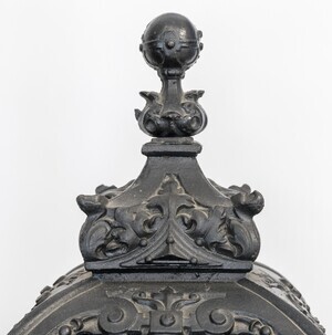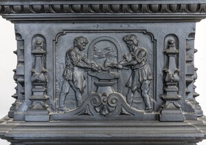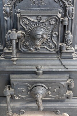 Regulier-Füllofen Nr. 24 aus Eisenguss mit Kuppel produziert in der Concordiahütte in Bendorf-Mülhofen um 1900. Regulierfüllöfen arbeiten mit festem Brennstoff und sind auf Grund ihrer mehrfachen Regulierungsmöglichkeiten von Primär- und Sekundärluft für den Dauerbetrieb geeignet. Dekor: Die Platten der Außenverkleidung mit seitlichen Säulenverzierungen, bei denen der Vorder- und Rückseite der zweiten Etage links eine Kopf- (Masken) und rechts eine Löwenkopfverzierung. Die zweite und dritte Etage seitlich und hinten mit verziertem Wappen, darauf die folgenden Inschriften: 2. Etage links und rechts: Muster, Schutz 2. Etage hinten: Concordia Hütte 3. Etage links, rechts und hinten: Gebr. Lossen Über der unteren Fülltür: Nr. 24 Die unterste Etage an den Seiten und hinten mit jeweils 2 abgeschrägten erhöhten Rechtecken verziert. Die oberste Etage mit Motiven aus dem Handwerk: vorne zwei Schmiede und links und rechts jeweils zwei Böttcher bei der Arbeit. Der Abschlussrahmen dachähnlich geformt mit Schindelmuster, der Deckel durchbrochen, an den vier Seitenmitten Wappenverzierung, der obere Abschluss des Deckels durch Knauf verziert. Aufbau des Ofens: Sockel mit ausgeformten Standfüßen und einer Bodenplatte, vier Etagen, die unterste als Aschenfall mit Aschenkasten und durch Bügelhebel verschließbare Aschentür, die Tür mit kreisrunder durch Schraubverschluß zu schließende Öffnung zur Luftregulierung, die zweite und dritte Etage (beide mit Schamotte ausgemauert und unterhalb der unteren Fülltür Zackenrost) als Feuerraum mit jeweils einer Fülltür, die untere durch Bügelhebel verschließbare mit kreisrunder durch Schraubverschluß zu schließender Öffnung zur Luftregulierung, die obere durch Riegelverschluß verschließbar und mit verschließbaren Luftschlitzen, die vierte Etage mit rückseitigem Ofenrohranschluß, oberer Abschluß des Ofens durch dachähnlich geformte Rahmen, einen Wasserbehältereinsatz und einergewölbten durchbrochenen Kuppel. Jede Etage besteht aus vier Platten, die Seitenplatten mit Bügeln durch die Ecken der Stirn- und Rückseite gehalten, die Platten im Rahmen eingesetzt, die unteren drei Etagen durch vier unter der Bodenplatte verschraubte Eisenstäbe zusammengehalten, die vierte durch zwei Eisenstäbe verschraubt, der Rahmen, der Wasserbehälter und die Kuppel lose aufgesetzt.
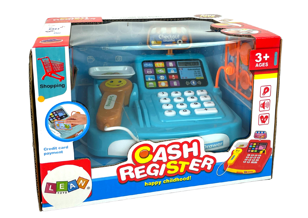Kasa wykonana jest w kolorze niebieskim z elementami pomarańczowym. Monety pozwolą na zapłatę za artykułu spożywcze. Skaner wydaje realistyczny dźwięk, który słyszymy podczas zakupów w markecie.
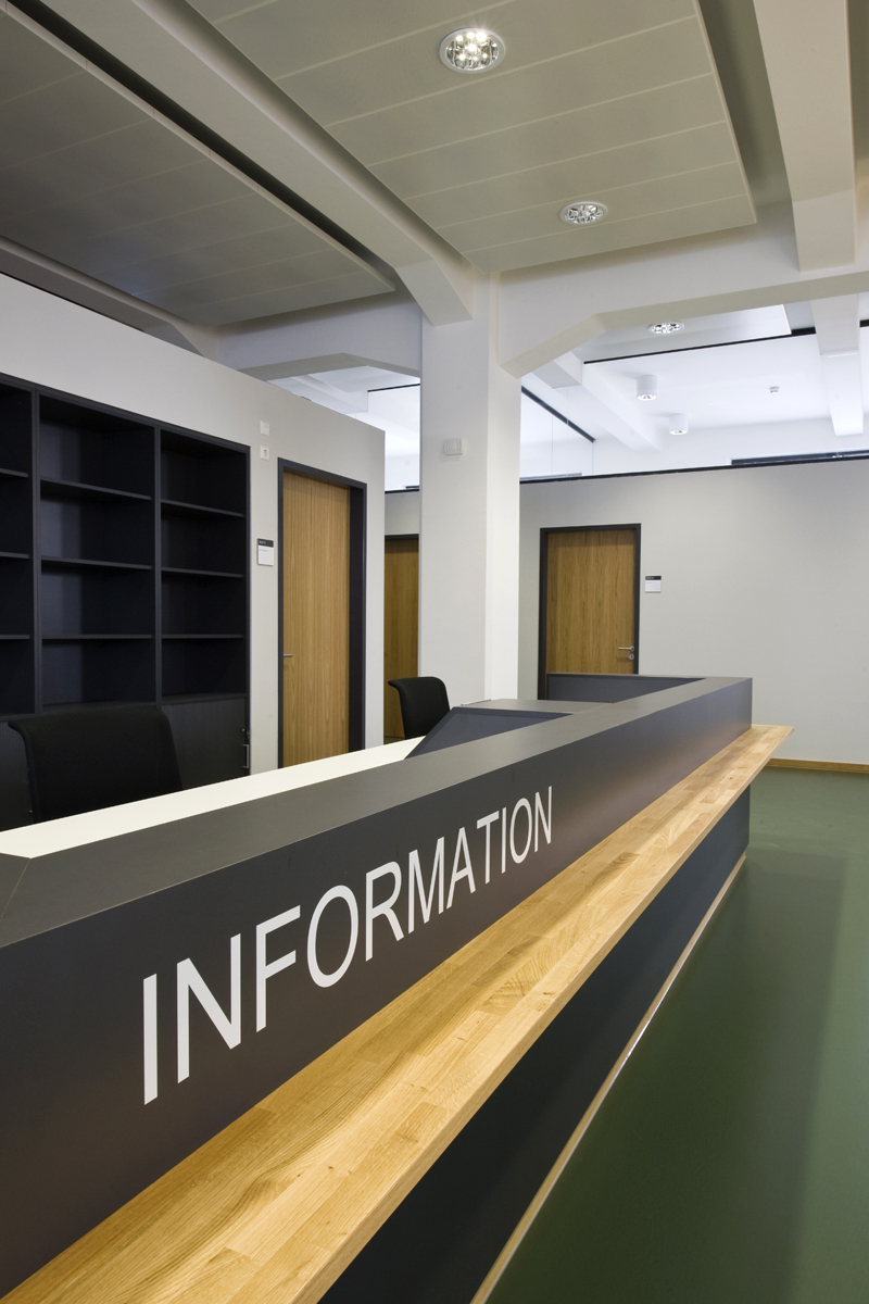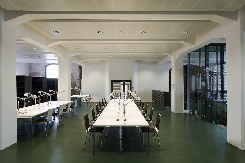 Die besondere Aufgabe: Umnutzung eines teilweise denkmalgeschützten Fabrikbaus von 1921 in ein modernes Archivgebäude. Dabei bestand die Herausforderung in der - trotz eines einheitlichen Erscheinungsbildes - sehr heterogenen Bausubstanz und unterschiedlichen Konstruktionsweise der verschiedenen Bauteile. Darüber hinaus gab es keinen Brandschutz, teilweise fehlte jede thermische Eignung. Vor dem Hintergrund langjähriger Erfahrung in Umnutzungsprojekten von mittelalterlichen Klosteranlagen über die Umnutzung einer Pfarrkirche bis zum Industriedenkmal war es agn auch hier wichtig, historische Spuren so authentisch wie möglich zu bewahren. Sowohl für denkmalgeschützte Elemente, als auch für jüngere, nicht unter Denkmalschutz stehende aber erhaltenswerte Bauteile galt es eine schlüssige bauliche und technische Gesamtlösung für das Ensemble zu finden. Beispiel: Die Ziegelfassaden bleiben dank innen liegender Dämmung sichtbar. Auch die Grundausprägung der Dächer und Fensteröffnungen zum gesamten Innenhof und auf der Giebelseite wurde erhalten, um die vorhandene kraftvolle und homogene Erscheinung der Gesamtanlage auch über den denkmalgeschützten Teil hinaus zu bewahren. Über das klimatisierte Archiv hinaus, wurden moderne Arbeitsplätze für Verwaltung und Werkstätten, ein öffentlicher Lesesaal mit angeschlossener Freihandbibliothek sowie diverse Gruppen und Medienräume eingerichtet.
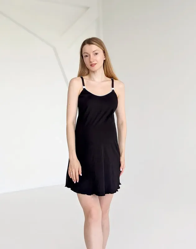 Рубашка со специальными клипсами, для легкого вскармливания малыша. Отлично подходит для любого срока беременности и после родов. Детали: тонкие бретельки с регулятором длины, клипсы для ГВ, А-силуэт. Размеры: 42-44, 46-48, 50-52, 54-56, 58-60 Материал: 95% хлопок 5% полиэстер
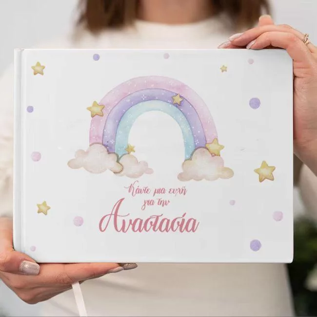Wishes book, Rainbow painted with clouds, personalized
——————
▶ Problem to work on
Without the pictures, give back the entries exactly.

▶ Reply to the task
 Regulier-Füllofen Nr. 24 aus Eisenguss mit Kuppel produziert in der Concordiahütte in Bendorf-Mülhofen um 1900. Regulierfüllöfen arbeiten mit festem Brennstoff und sind auf Grund ihrer mehrfachen Regulierungsmöglichkeiten von Primär- und Sekundärluft für den Dauerbetrieb geeignet. Dekor: Die Platten der Außenverkleidung mit seitlichen Säulenverzierungen, bei denen der Vorder- und Rückseite der zweiten Etage links eine Kopf- (Masken) und rechts eine Löwenkopfverzierung. Die zweite und dritte Etage seitlich und hinten mit verziertem Wappen, darauf die folgenden Inschriften: 2. Etage links und rechts: Muster, Schutz 2. Etage hinten: Concordia Hütte 3. Etage links, rechts und hinten: Gebr. Lossen Über der unteren Fülltür: Nr. 24 Die unterste Etage an den Seiten und hinten mit jeweils 2 abgeschrägten erhöhten Rechtecken verziert. Die oberste Etage mit Motiven aus dem Handwerk: vorne zwei Schmiede und links und rechts jeweils zwei Böttcher bei der Arbeit. Der Abschlussrahmen dachähnlich geformt mit Schindelmuster, der Deckel durchbrochen, an den vier Seitenmitten Wappenverzierung, der obere Abschluss des Deckels durch Knauf verziert. Aufbau des Ofens: Sockel mit ausgeformten Standfüßen und einer Bodenplatte, vier Etagen, die unterste als Aschenfall mit Aschenkasten und durch Bügelhebel verschließbare Aschentür, die Tür mit kreisrunder durch Schraubverschluß zu schließende Öffnung zur Luftregulierung, die zweite und dritte Etage (beide mit Schamotte ausgemauert und unterhalb der unteren Fülltür Zackenrost) als Feuerraum mit jeweils einer Fülltür, die untere durch Bügelhebel verschließbare mit kreisrunder durch Schraubverschluß zu schließender Öffnung zur Luftregulierung, die obere durch Riegelverschluß verschließbar und mit verschließbaren Luftschlitzen, die vierte Etage mit rückseitigem Ofenrohranschluß, oberer Abschluß des Ofens durch dachähnlich geformte Rahmen, einen Wasserbehältereinsatz und einergewölbten durchbrochenen Kuppel. Jede Etage besteht aus vier Platten, die Seitenplatten mit Bügeln durch die Ecken der Stirn- und Rückseite gehalten, die Platten im Rahmen eingesetzt, die unteren drei Etagen durch vier unter der Bodenplatte verschraubte Eisenstäbe zusammengehalten, die vierte durch zwei Eisenstäbe verschraubt, der Rahmen, der Wasserbehälter und die Kuppel lose aufgesetzt.
Kasa wykonana jest w kolorze niebieskim z elementami pomarańczowym. Monety pozwolą na zapłatę za artykułu spożywcze. Skaner wydaje realistyczny dźwięk, który słyszymy podczas zakupów w markecie.
 Die besondere Aufgabe: Umnutzung eines teilweise denkmalgeschützten Fabrikbaus von 1921 in ein modernes Archivgebäude. Dabei bestand die Herausforderung in der - trotz eines einheitlichen Erscheinungsbildes - sehr heterogenen Bausubstanz und unterschiedlichen Konstruktionsweise der verschiedenen Bauteile. Darüber hinaus gab es keinen Brandschutz, teilweise fehlte jede thermische Eignung. Vor dem Hintergrund langjähriger Erfahrung in Umnutzungsprojekten von mittelalterlichen Klosteranlagen über die Umnutzung einer Pfarrkirche bis zum Industriedenkmal war es agn auch hier wichtig, historische Spuren so authentisch wie möglich zu bewahren. Sowohl für denkmalgeschützte Elemente, als auch für jüngere, nicht unter Denkmalschutz stehende aber erhaltenswerte Bauteile galt es eine schlüssige bauliche und technische Gesamtlösung für das Ensemble zu finden. Beispiel: Die Ziegelfassaden bleiben dank innen liegender Dämmung sichtbar. Auch die Grundausprägung der Dächer und Fensteröffnungen zum gesamten Innenhof und auf der Giebelseite wurde erhalten, um die vorhandene kraftvolle und homogene Erscheinung der Gesamtanlage auch über den denkmalgeschützten Teil hinaus zu bewahren. Über das klimatisierte Archiv hinaus, wurden moderne Arbeitsplätze für Verwaltung und Werkstätten, ein öffentlicher Lesesaal mit angeschlossener Freihandbibliothek sowie diverse Gruppen und Medienräume eingerichtet.
 Рубашка со специальными клипсами, для легкого вскармливания малыша. Отлично подходит для любого срока беременности и после родов. Детали: тонкие бретельки с регулятором длины, клипсы для ГВ, А-силуэт. Размеры: 42-44, 46-48, 50-52, 54-56, 58-60 Материал: 95% хлопок 5% полиэстер
Wishes book, Rainbow painted with clouds, personalized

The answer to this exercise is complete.